# Need Job Advice as Intern



## MM9232 (Aug 12, 2012)

I have 1 semester left before i graduate(industrial engineering). I am currently a summer intern for a rather large company. My current group is fully staffed, however a different group has a full time opening. When I was introduced to the boss of the group with a full time opening I got a strong impression he was looking at me as a strong candidate for that role. I have a few weeks left before going back to school and I am very interested in the open position, but I am unsure of how I should express interest in the position. Given that I have some time left I feel it would be beneficial to work with some of the other employees in that group and see how they operate but as i said, they are separate from my current role. I believe approaching my boss about this would be the first step, but I am uncertain of how I should handle it. Any advice is greatly appreciated.


----------



## solomonb (Aug 12, 2012)

Go to your boss and tell he/she that you are interested in the other position when you graduate in December. Tell him that your intern experience has been valuable/beneficial to you, you like the company (assuming that you do) and think that you would be a great fit with the new group. As he/she what they think, and how you should proceed. What should happen is that your boss will agree with you, suggest that he/she talk to the hiring boss and see when you all can have a caucus and discuss the open position.

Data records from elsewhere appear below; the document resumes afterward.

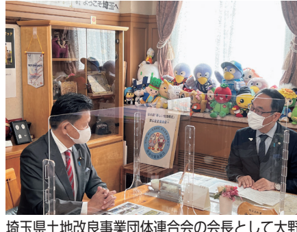
埼玉県土地改良事業団体連合会の会長として大野元裕知事に要望。各種施設の防災減災、老朽化対策や圃場整備、農業を守るために頑張ります
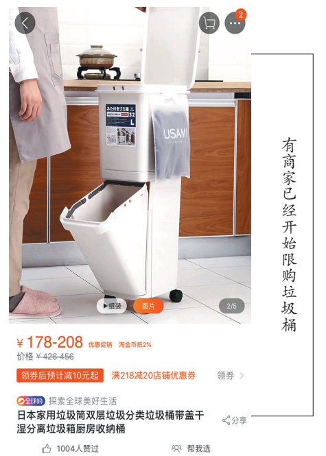
有商家已经开始限购垃圾桶

强制垃圾分类后,投放湿垃圾需要破袋处理。为了省麻烦,部分市民希望减少厨余垃圾产生量,这意外带火了一款小众商品
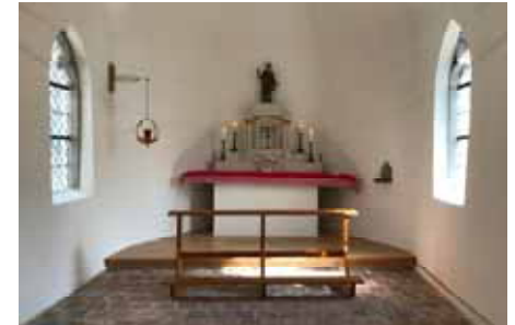
Tag des offenen Denkmals Foto: Helmut Harth 2017

Nachdem die Arbeiten im Innenraum der Kapelle nun auch weitgehend abgeschlossen sind, konnten wir beim „Tag des offenen Denkmals“ und Gemeindefest St. Apollonia, den Altar nach langer Zeit noch einmal so herrichten, wie er immer zum Namenstag der Pfarrpatronin, der heiligen Apollonia am 9. Februar, geschmückt wurde. Bei den drei Führungen zur Apollonia-Kapelle, die wir am 10. September angeboten haben, konnten sich die rund 80 Besucher selbst ein Bild der Apollonia-Kapelle machen. Die nächste Aufgabe ist der Altaraufsatz!

NOW, if your boss does not move on this-- take initiative and see the other boss. After all, school starts in 3 weeks, you don't have time to waste. Conversely, the hiring boss is probably worried that he/she cannot/willnot find a qualified candidate to fill the position and will be excited to have you show some interest in the position.

Don't get hung up on the starting salary. Let's assume that they offer a good beginning IE salary. Find out what that is. How? Call IIE and ask. Call NSPE and ask. Check with your student services dept at the school and see what 2102 May grads got. Call some buddies that are hopefully working and see what they are making. I think that a beginning IE this year began at about $62,000. However, don't get hung up totally on salary. There are other factors that need consideration in addition to salary.

Get this far, we can address salary and benefits when you are at that point in the discussion.

Good Luck!


----------